TASK ITEM: What must be written out is each line from the one holding "Sai Fiber Broadcasting" through the end of the records, word for word, minus any pictures.

INPUT DATA:

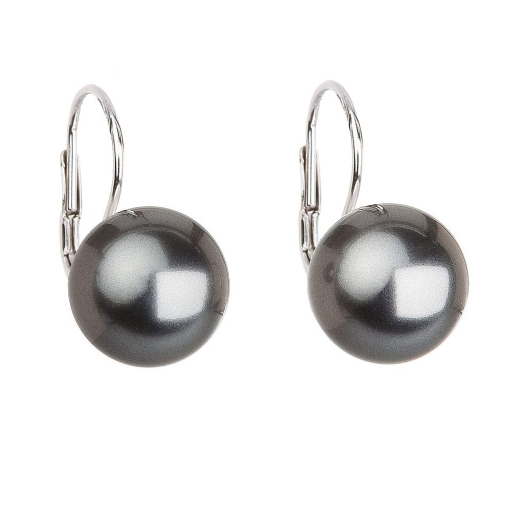 Strieborné náušnice visiace s perlou tmavo šedou okrúhle 31144.3 dark grey
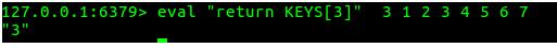 eval "return KEYS[3]" 3 1 2 3 4 5 6 7将返回第3个参数,即3
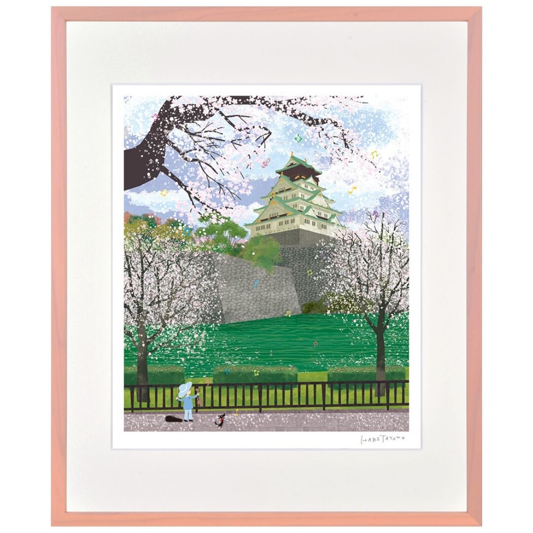 春の光に包まれた城と満開の花々が描かれたこのアートは、歴史的な建築の美しさと自然のやさしさが調和した一枚です。淡いピンクと新緑のグラデーションが織りなす風景は、まるで季節の息吹を感じるようで、時の流れとともに生まれる豊かな情緒を映し出しています。空を舞う花びらが風に揺れ、やわらかな光が石垣を照らす様子は、どこか懐かしく心を穏やかにしてくれます。伝統と自然が共存する風景の中に、静かな感動と日本らしい美意識が息づくインテリアアートです。
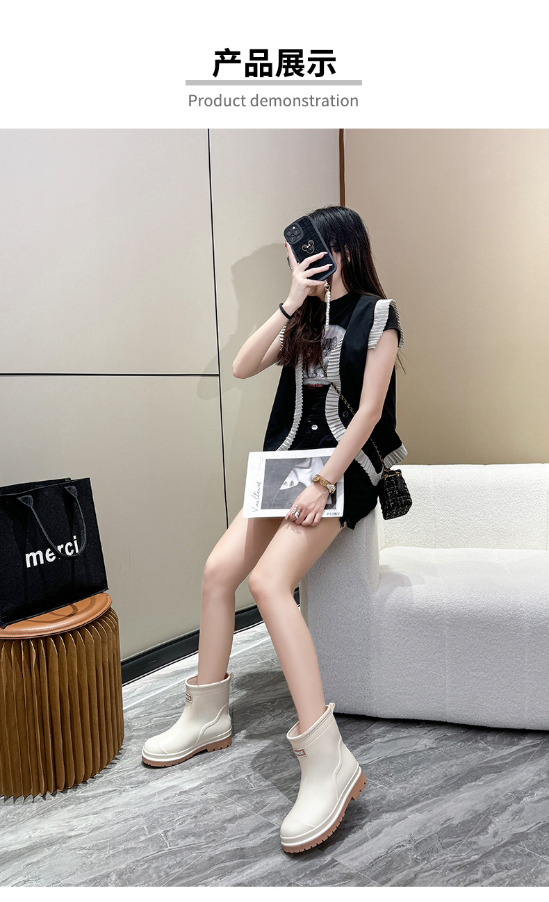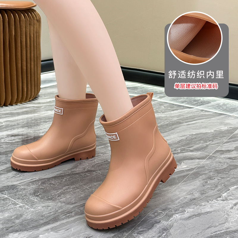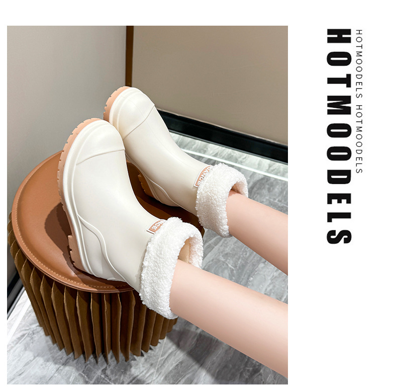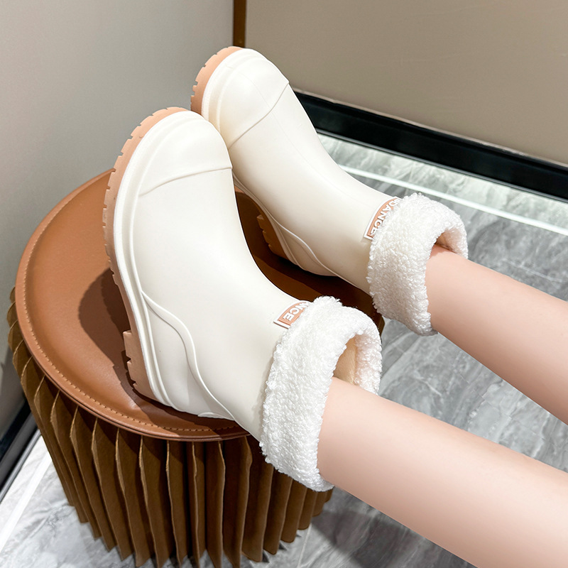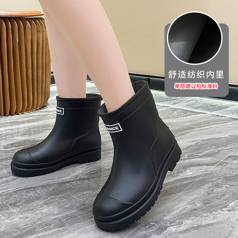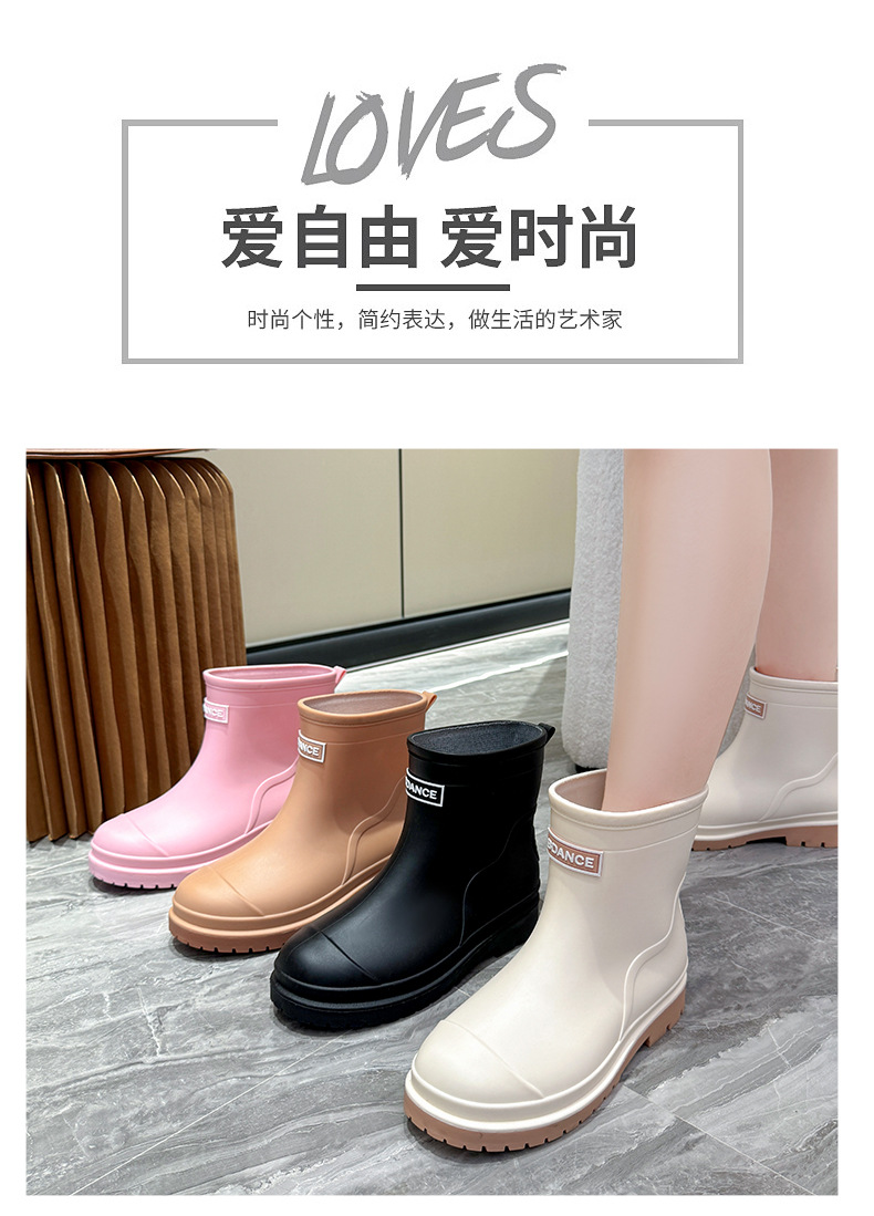 25年新款雨靴女外穿时尚加绒保暖束口防滑耐磨厚底雨鞋防水靴
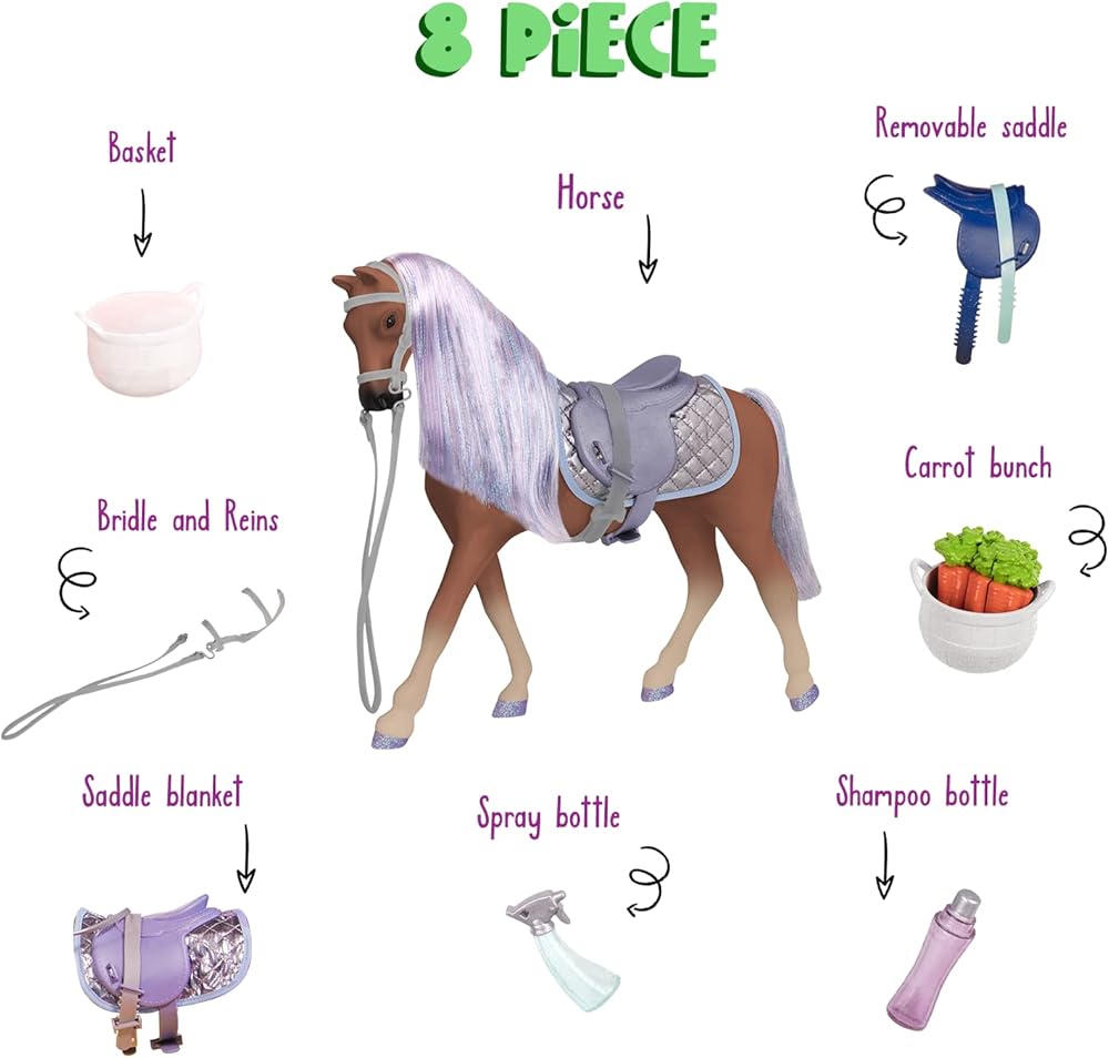 يشتمل على: (1) حصان (1) سرج (1) بطانية سرج (1) لجام نجمي وزمام (1) تاج (1) مشط. الدمى المصورة هي سارينيا وكيلتي. (تباع الدمى بشكل منفصل). الدمى الموصى بها للأطفال من سن 3 سنوات فما فوق
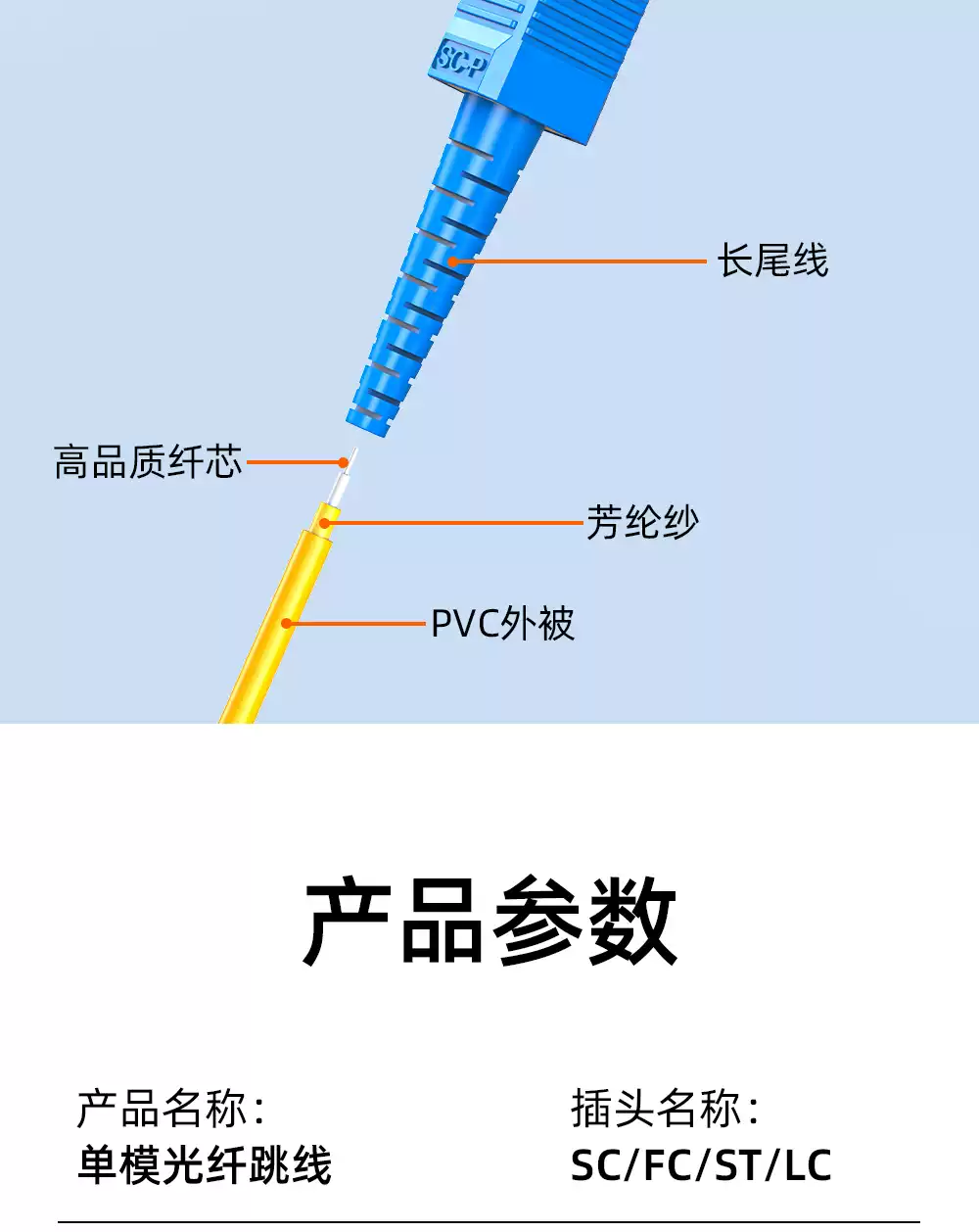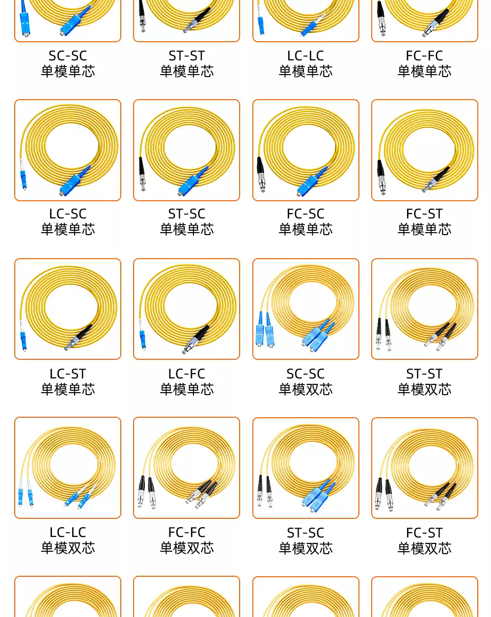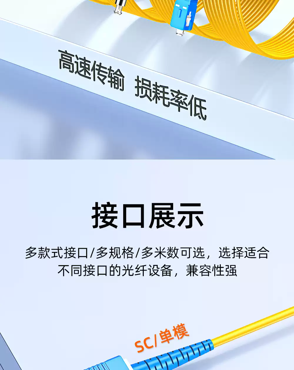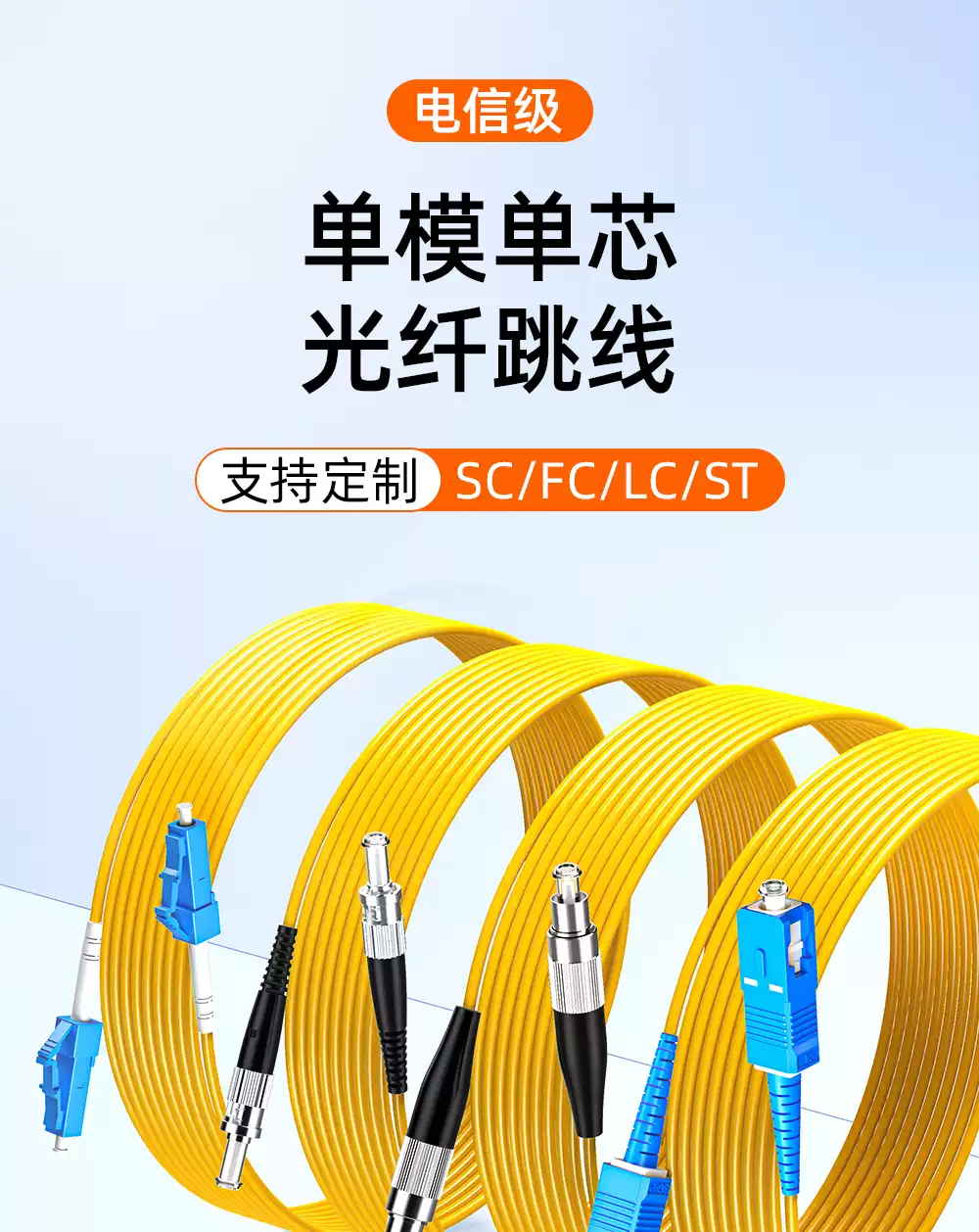 Sai Fiber Broadcasting and Television APC single-mode optical fiber jumper SC/APC-SC/UPC single-core FC to LC-ST oblique octave oblique cable TV optical cable pigtail cable fiber jumper square head pigtail carrier grade 3.0 Broadcasting and Television FC/APC-FC/APC 3m
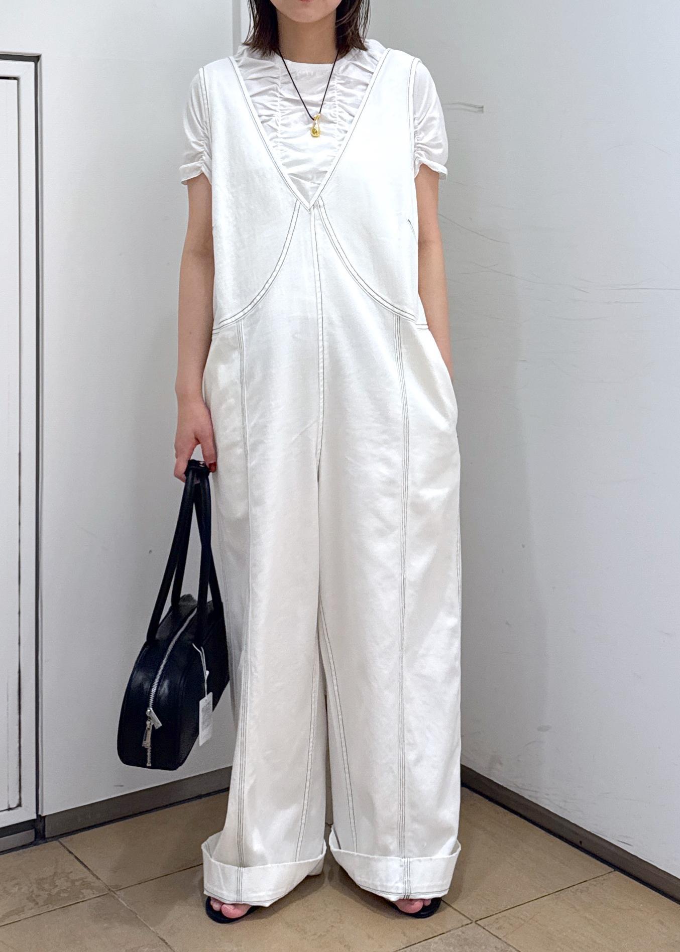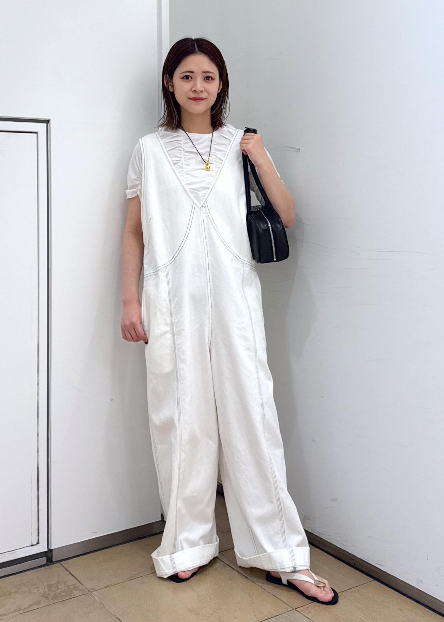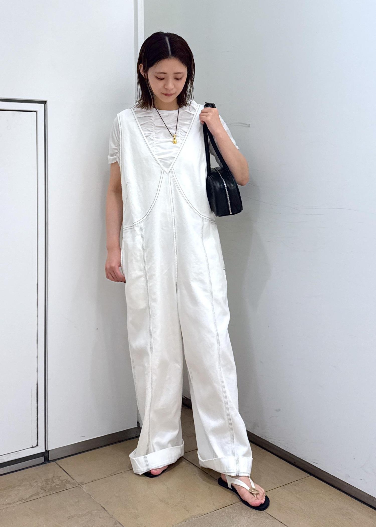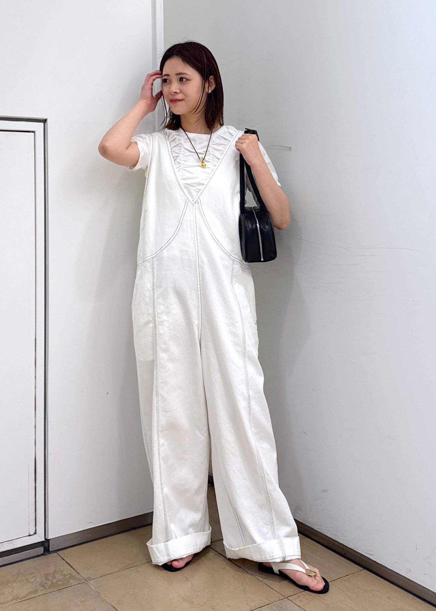 シャーリングTEEでオールホワイトコーデです。

YOUR SOLUTION:
 Sai Fiber Broadcasting and Television APC single-mode optical fiber jumper SC/APC-SC/UPC single-core FC to LC-ST oblique octave oblique cable TV optical cable pigtail cable fiber jumper square head pigtail carrier grade 3.0 Broadcasting and Television FC/APC-FC/APC 3m
 シャーリングTEEでオールホワイトコーデです。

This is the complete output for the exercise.